A new study being presented at this year’s annual meeting of the American Educational Research Association suggests that as undergraduates progress in higher education, they become less interested, on average, in promoting racial understanding. The study finds that this is true across racial groups — although it finds some characteristics of the college experience that may make students more interested in racial understanding as they proceed from freshman to senior year.

The study is by Jesse D. Rude, a principal research analyst at NORC at the University of Chicago; Gregory C. Wolniak, a senior research scientist at NORC at the University of Chicago; and Ernest Pascarella, the Mary Louise Petersen Professor of Higher Education at the University of Iowa. They used survey data of students at 6 liberal arts colleges and 11 universities collected by the Wabash National Study of Liberal Arts Education.

Students were asked: “How important to you personally is helping to promote racial understanding?” The researchers write that they selected this as the question because, unlike questions about “openness to diversity” or “other more abstract notions of tolerance,” this question “attempts to capture respondents’ personal commitment to improving racial understanding and may be less prone to social desirability bias.” Students were asked the question upon arriving at college, at the end of their freshman year, and at the end of their senior year.

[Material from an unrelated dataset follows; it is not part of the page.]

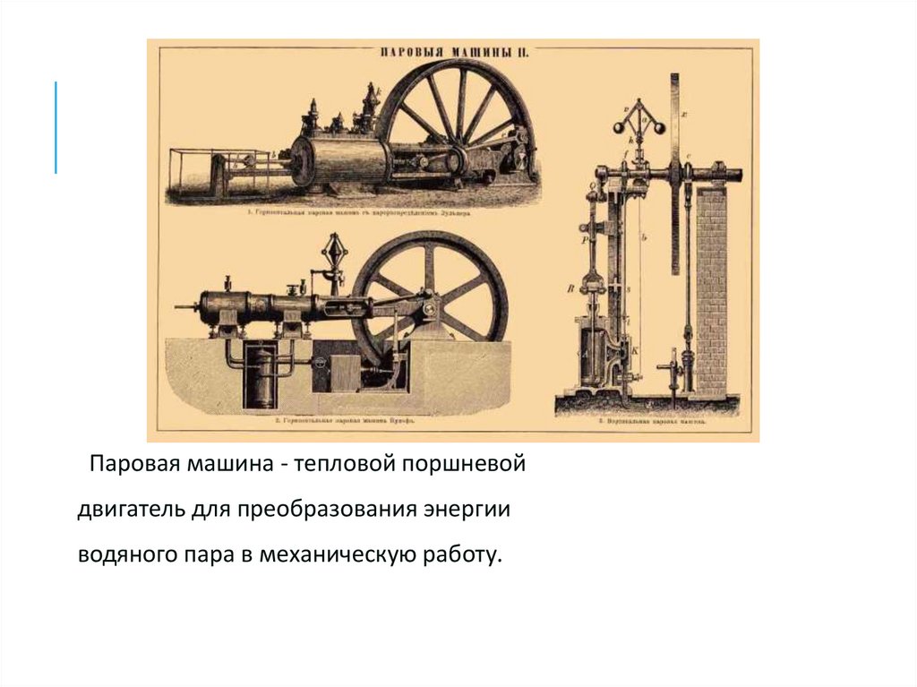 Паровая машина - тепловой поршневойдвигатель для преобразования энергии

Ranking the importance of promoting racial understanding on a four-point scale, African American students started off with the highest score (above 3.2), followed by Hispanics (just below 3.2), Asians (around 2.9) and whites (just under 2.5). All four groups were lower at the end of their freshman year, and lower as well by their senior year. Asians showed some rebound between the end of freshman year and senior year, but still ended up at a lower point than where they started.